Log Filtering with Linear Temporal Properties¶
The filtering of a log according to Linear Temporal Logic properties is implemented with an LTLf checker based on automata. First of all we create an D4PyEventLog object that wraps the log.
[1]:
import os
from Declare4Py.D4PyEventLog import D4PyEventLog
log_path = os.path.join("../../../", "tests", "test_logs","Sepsis Cases.xes.gz")
event_log = D4PyEventLog()
event_log.parse_xes_log(log_path)
/usr/lib/python3/dist-packages/pyparsing.py:108: DeprecationWarning: module 'sre_constants' is deprecated
import sre_constants
/usr/local/lib/python3.11/dist-packages/lark/utils.py:163: DeprecationWarning: module 'sre_parse' is deprecated
import sre_parse
/usr/local/lib/python3.11/dist-packages/pm4py/utils.py:486: UserWarning: the EventLog class has been deprecated and will be removed in a future release.
warnings.warn("the EventLog class has been deprecated and will be removed in a future release.")
The classes LTLTemplate and LTLModel are responsible for the LTLf template definitions and their instantiations into LTLf models given some activities and/or payload names:
[2]:
from Declare4Py.ProcessModels.LTLModel import LTLTemplate
from Declare4Py.ProcessModels.LTLModel import LTLModel
template : LTLTemplate = LTLTemplate('is_first_state_a')
model_1 : LTLModel= template.fill_template(['ER Registration'], attr_type=['concept:name'])
template: LTLTemplate = LTLTemplate('eventually_a')
model_2 : LTLModel = template.fill_template(['Leucocytes'], attr_type=['concept:name'])

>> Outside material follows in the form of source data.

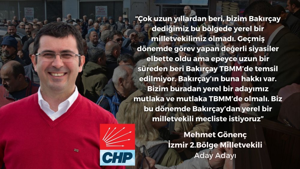 “İzmir’in kuzeyinde yer alan Bakırçay bölgesi, siyasette temsilci bulamamanın bir süredir sıkıntısını yaşıyor. Burası İzmir metropolüne göre siyasi yapısı, dokusu, demografisi farklı olan bir yer. Sosyolojisi de farklı, kırsalı güçlü, tarım kesimin yoğun olduğu bir bölge. İzmir’de CHP’nin kalesi diyebileceğimiz kadar güçlü bir alan da değil. Uzunca bir süreden beri yerel bir milletvekili ile temsil edilmiyor. Bunun eksikliğini oradaki herkes dile getiriyor zaten. Dolayısıyla böyle bir gereklilik var. Oradaki insanların tanıdığı, iletişim kurabileceği birine ihtiyaç var. Başı sıkıştığında, dara düştüğünde bir telefon kadar yakın birisinin bölgeyi temsil etmesi konusunda ortak bir irade var”
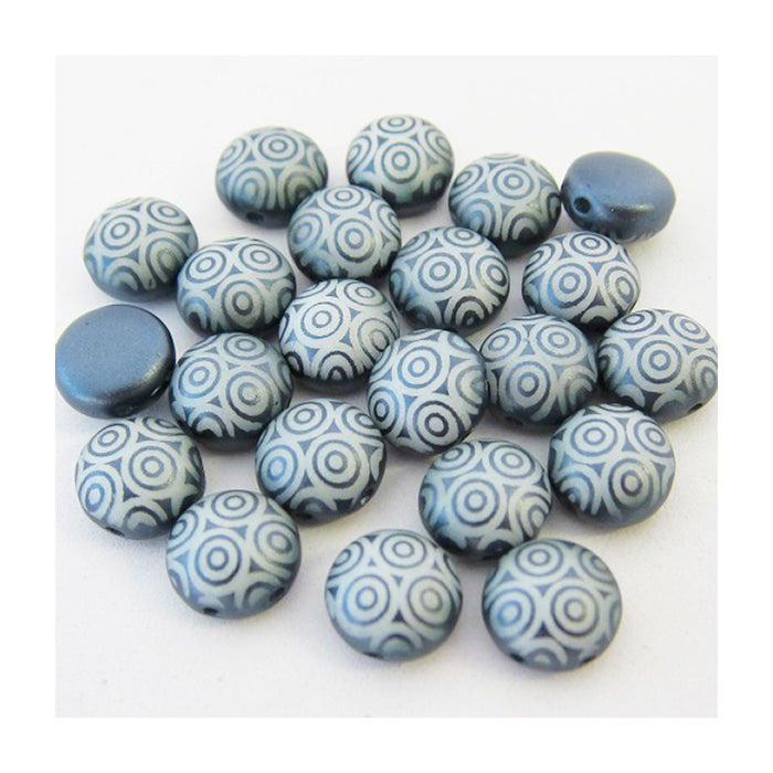 PRECIOSA Candy beads 2-hole round glass cabochon, Laser Etcheded Decor On Montana, Glass, Czech Republic
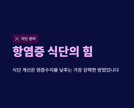 염증을 억제하는 가장 강력한 방법 중 하나는 식단을 바꾸는 것입니다. 특정 식품은 염증성 사이토카인이나 CRP 등의 지표를 낮추는 데 효과적입니다.
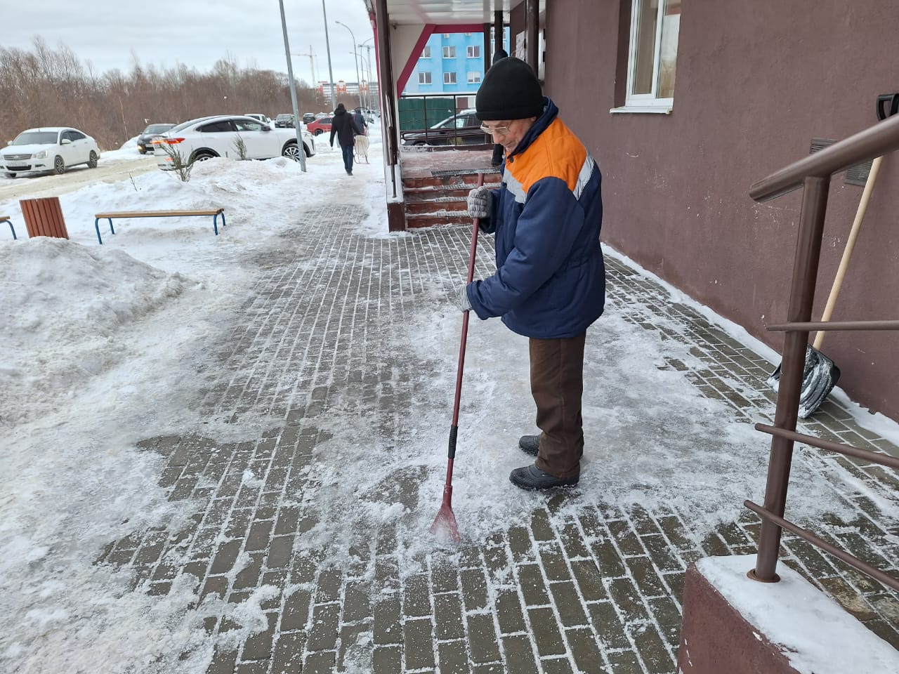 На придомовых территориях многоквартирных жилых домов работниками управляющих компаний и товариществ собственников жилья осуществлялись работы по уборке снега, вывозу мусора с контейнерных площадок, посыпке реагентами обледеневших участков.
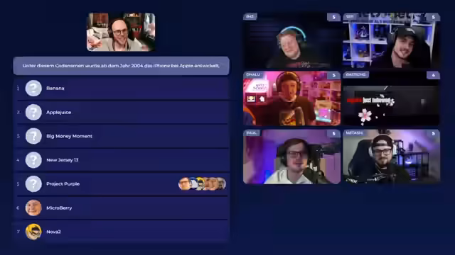 05:09:50Die Teilnehmer müssen den internen Codenamen des iPhone erraten, der bei Apple ab 2004 verwendet wurde. Zur Auswahl stehen Vorschläge wie "Banana", "Applejuice", "Big-Money-Moment" oder "Project Purple". Nach einer taktischen Überlegung, bei der Bram vermeiden möchte, dass jemand seine Absicht durchsieht, entscheiden sich mehrere Teilnehmer für "Project Purple", da dieser Name am sinnigsten klingt und bekannt ist. Bram bestätigt, dass seine Wahl von seiner Intuition kam.
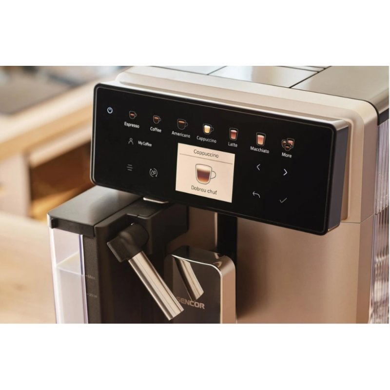 moreObjevte 6 nápojů, vše na dosah ruky, a vyzkoušejte dokonalý zážitek : ristretto, espresso, espresso lungo, káva, americano, teplá voda. Vyspělá technologie, která se díky širokému displeji zjednodušila, má všechna potřebná nastavení. Přizpůsobený vašim potřebám, jednoduchý, intuitivní a dostatečně podrobný, vás provede všemi funkcemi.
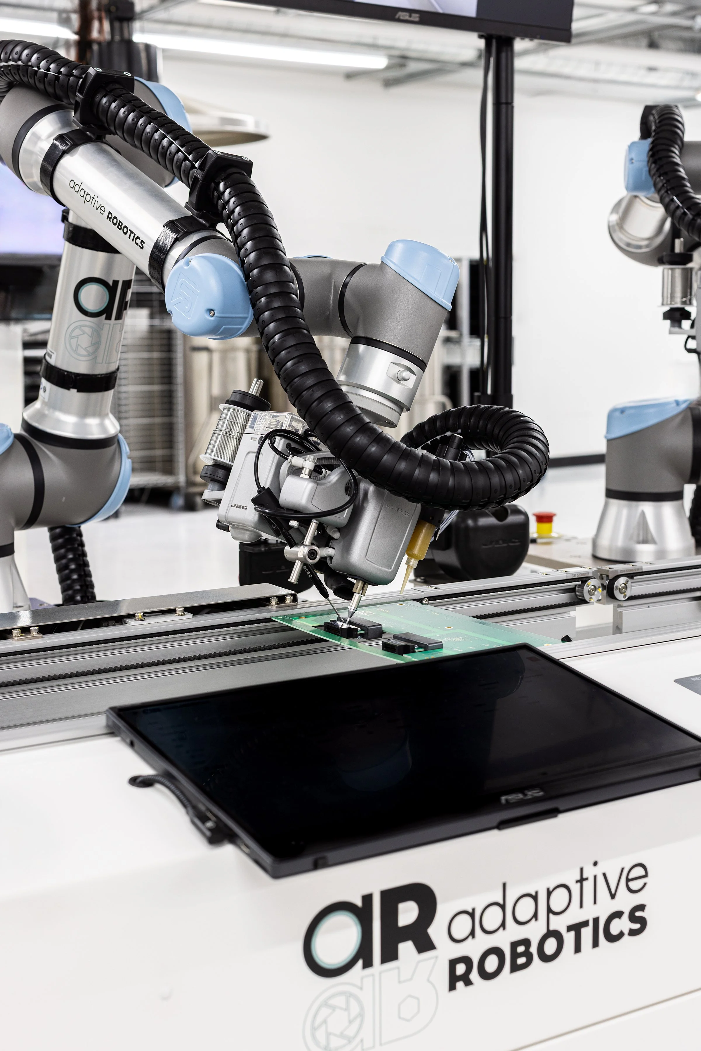 Using a six-axis Cobot and a cutting-edge AI vision system, the SB-1 can replicate complex human soldering processes and monitor them in real time for enhanced quality control.

The class LTLAnalyzer is therefore needed to analyze the log and filtering its traces according to multiple input LTLf models.
[3]:
from Declare4Py.ProcessMiningTasks.ConformanceChecking.LTLAnalyzer import LTLAnalyzer
analyzer = LTLAnalyzer(event_log, [model_1, model_2])
conf_check_res_df = analyzer.run_multiple_models(minimize_automaton=False)
The output is a Pandas DataFrame that can be easily queried.
[4]:
print(f"Accepted traces: {len(conf_check_res_df[conf_check_res_df['accepted'] == True])}")
conf_check_res_df
Accepted traces: 957
[4]:
| case:concept:name | accepted | |
|---|---|---|
| 0 | A | True |
| 1 | B | True |
| 2 | C | True |
| 3 | D | True |
| 4 | E | True |
| ... | ... | ... |
| 1045 | HNA | True |
| 1046 | INA | False |
| 1047 | JNA | False |
| 1048 | KNA | True |
| 1049 | LNA | False |
1050 rows × 2 columns
The same easy coding holds also for Branched-DECLARE templates:
[5]:
template = LTLTemplate('alternate_response')
activities_a = ["Er Registration", "IV Liquid"]
activities_b = ["CRP", "IV Antibiotics"]
model_1 = template.fill_template(activities_a, activities_b)
template = LTLTemplate('not_precedence')
activities_a = ["ER Sepsis Triage", "CRP"]
activities_b = ["IV Antibiotics", "LacticAcid"]
model_2 = template.fill_template(activities_a, activities_b)
analyzer = LTLAnalyzer(event_log, [model_1, model_2])
conf_check_res_df = analyzer.run_multiple_models()
We therefore access the Pandas Dataframe
[6]:
print(f"Accepted traces: {len(conf_check_res_df[conf_check_res_df['accepted'] == True])}")
conf_check_res_df
Accepted traces: 117
[6]:
| case:concept:name | accepted | |
|---|---|---|
| 0 | A | False |
| 1 | B | False |
| 2 | C | False |
| 3 | D | False |
| 4 | E | False |
| ... | ... | ... |
| 1045 | HNA | False |
| 1046 | INA | False |
| 1047 | JNA | False |
| 1048 | KNA | False |
| 1049 | LNA | False |
1050 rows × 2 columns
More information about managing process models and the LTLf or B-Declare templates can be found in tutorials 2 and 3.